With it, domestic manufacturing and processing output could be one of the collateral costs. What is happening in the Middle East and Eastern Europe are not exactly helping expand global trade and investment. Oil prices remained precarious in the last quarter to this day, and therefore we should expect high inflation to persist and pull down even our domestic economic performance through mostly lower consumer spending. Uncertainty in the world produces reticence in investment and production, the propensity to pursue business activities and give jobs to people.
We have other reasons to be less optimistic about growth last year.
El Niño is one big elephant in the room. We are not sure if we have been at all bothered enough by the reported prolonged dry spell to take more decisive action. We wish to be proven wrong but already crop production may not bring in the expected harvest to produce positive growth this year. The last quarter of last year simply eked out a small positive. In addition, swine production is hamstrung by the sustained onslaught of the African Swine Fever in at least 134 barangays in 58 municipalities. We don’t know whether the reported fish deficit in the last quarter of 2023 could spill over to 2024.

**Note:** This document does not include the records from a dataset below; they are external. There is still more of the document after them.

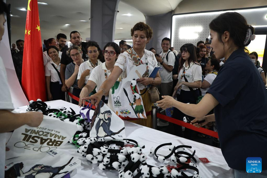 Participants get souvenirs at the China Pavilion during the 30th UN Climate Change Conference (COP30) in Belem, Brazil, Nov. 10, 2025. On Monday, the "China Pavilion" series of the COP30 side events kicked off in Belem, with the first session focusing on ecological civilization and the practice of building a "Beautiful China."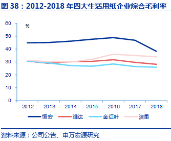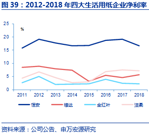 随着洁柔在美妆和个护用纸板块不断布局和创新,盈利能力提升空间较大。四大企业中恒安规模最大,2018年为205亿收入规模;剔除个护板块,恒安和维达生活用纸规模相近,2018年均超过100亿元。盈利能力方面,由于恒安高毛利的个护板块占比为32%,因此综合盈利水平处于第一。目前,个护板块如卫生巾子行业,因品牌粘性高、差异化定价,因此新品牌进入门槛高;但一旦形成较好的品牌口碑及稳定客群,就能建立较深的护城河,取得长期可持续的盈利增长,是未来洁柔有待发力的板块。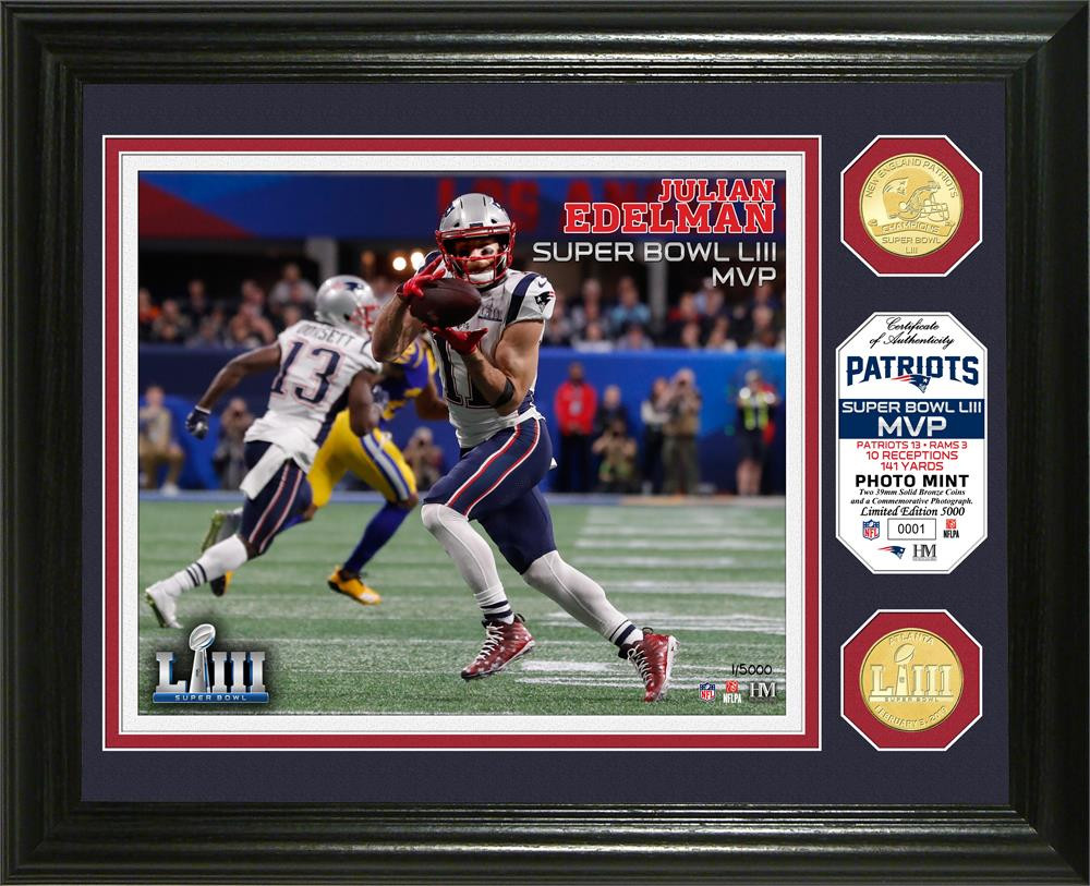 New England Patriots Julian Edelman Super Bowl 53 MVP 2pc 24k Gold Coin Photo Mint Framed LE 5,000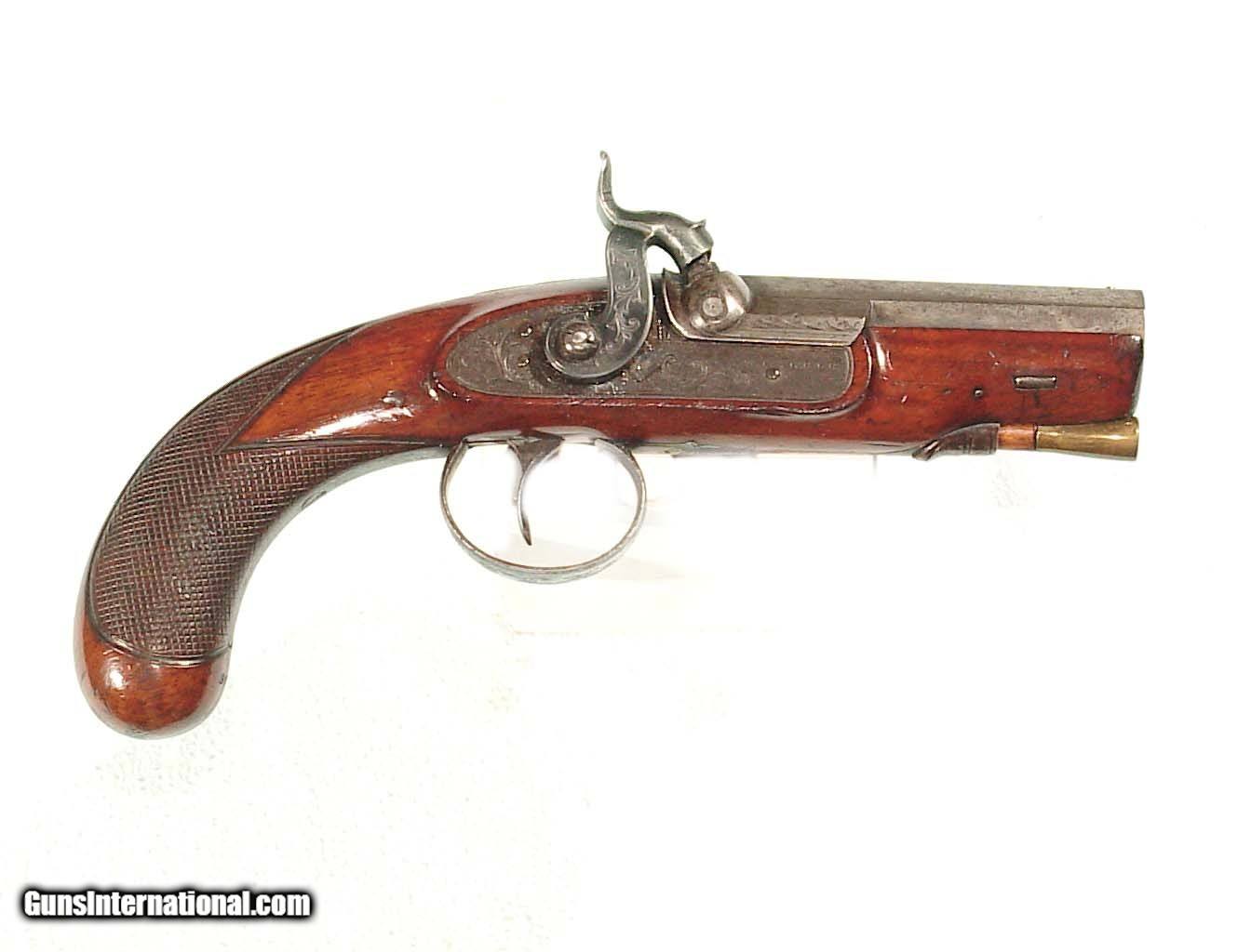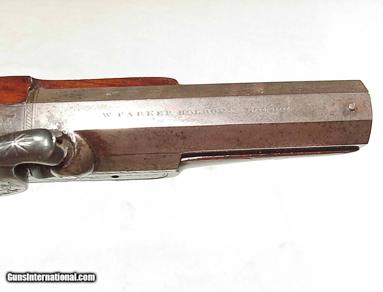 BRITISH PERCUSSION GREAT COAT PISTOL BY "W. PARKER, HOLBORN LONDON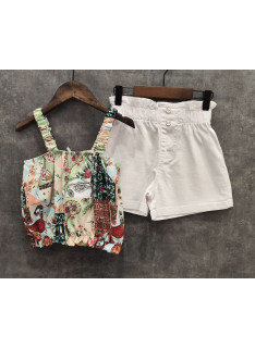 Top: Een topstijl "Crop" met brede en gefrituurde riemen. Het heeft een prachtige patchwork-print gemengd met kasjmierpatronen (Paisley) en bloemen in veelkleurige tonen. De onderkant van de bovenkant is elastisch voor een zeer trendy gezwollen effect.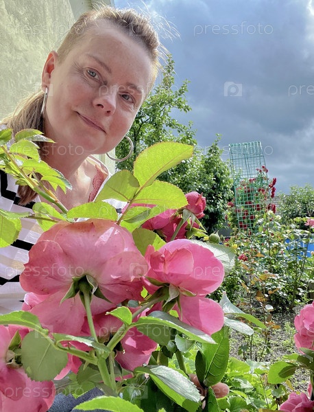 Летом 50-летняя женщина позирует в своем саду с розами на заднем плане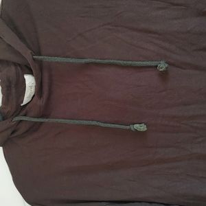 This is a size S shirt hoodie (but it does fit larger than S) by Liquid X. Color is super dark green, almost black. Very cozy with Legging or jeans. Two pockets. Great condition, no rips or stains. I am listing it as a women item, as I wore it myself but it will also fit men (in fact, it actually may be a man item as well)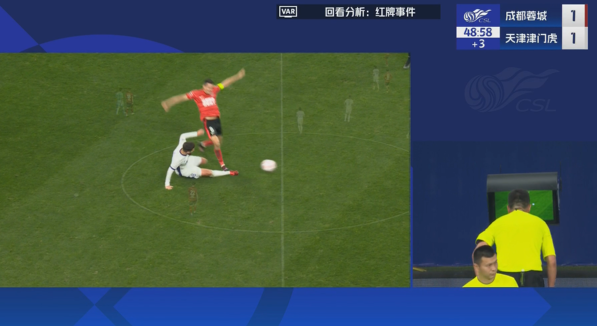 上半場補時階段,周定洋搶球時踩到哈達斯,視頻助理裁判介入,主裁判查看回放后向周定洋出示紅牌。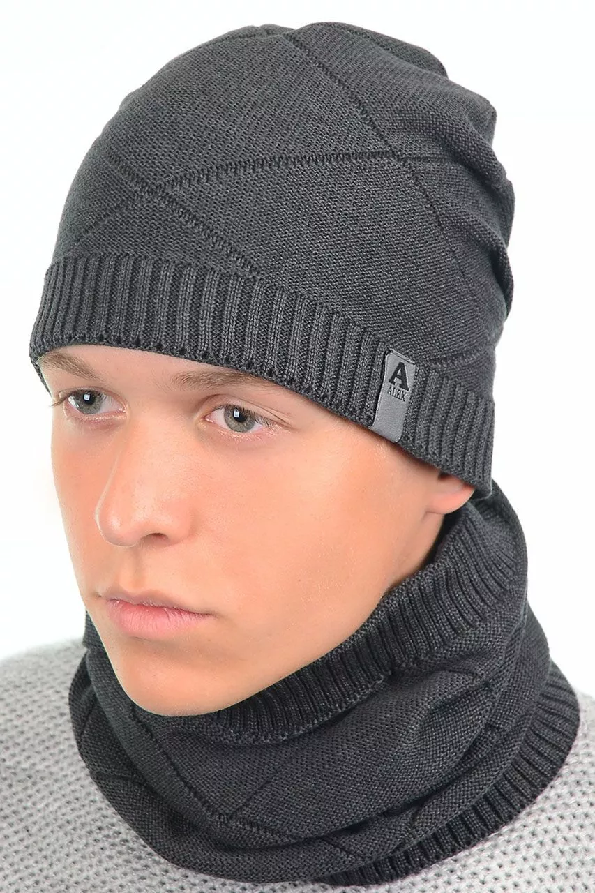 Однотонный мужской набор - состоит из хомута и стильной шапки.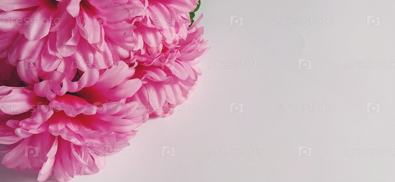Розовые хризантемы на белом фоне. Искусственные цветы в виде букета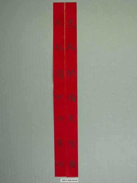 本件手書符令在大紅色長條形紙張上以書法書寫,符令上端為「勅令」、「VVV」,接著為十一個由複合式文字所組成的道教神祇秘諱,主要有玉皇大帝、雷聲普化天尊、太乙救苦天尊等。符令的背後書有兩行文字:「先天秘內定陰陽,太極圖中分造化。」說明此符令具有分陰陽、定造化的強大法力,可以護身、鎮宅與驅邪、押煞。

Last quarter’s purchasing managers index (PMI) also pointed to lower levels compared to year-ago levels. With a good correlation to actual economic performance, the PMI is a good predictor of future growth.
If indeed high inflation restrained consumption and investment, the lagged effects of recent wage adjustments in practically all regions in the country could have also reined in business activities in the last quarter.
Yes, only Vietnam seemed to have overtaken us in growth performance in 2023 to join the fastest growing economies in the world and in Asia. But we still have a lot of catching up to do as a result of the deep recession we sustained in 2020 due to the pandemic. We declined by more than 10% and frustrated our plan to quickly break out of the lower middle-income trap. Economic scarring is real, and it is felt in our labor market and educational institutions. We have a poverty of skills and quality education.
We reiterate that beyond that, downside risks to growth appear to be dominant. El Niño will be prolonged until the end of the first half of 2024; oil prices could surge again; the political upheaval associated with the Philippine Charter change is not only a turn off, but also a killjoy; the ongoing China-Philippine territorial disputes over the West Philippine Sea could have some unwanted economic effects; the uncertainty surrounding the next US Fed move; and of course, the broadening geo-economic fragmentation could put a cap on our external trade and investment.
When our economic forecasts fail, it is better to look at the economic analysis underlying those quantitative outcomes for direction, for broad guidance.
Considering the so-called degrees of freedom when doing those forecasts, we would say they did not fail. They just missed the point.
Diwa C. Guinigundo is the former deputy governor for the Monetary and Economics Sector, the Bangko Sentral ng Pilipinas (BSP). He served the BSP for 41 years. In 2001-2003, he was alternate executive director at the International Monetary Fund in Washington, DC. He is the senior pastor of the Fullness of Christ International Ministries in Mandaluyong.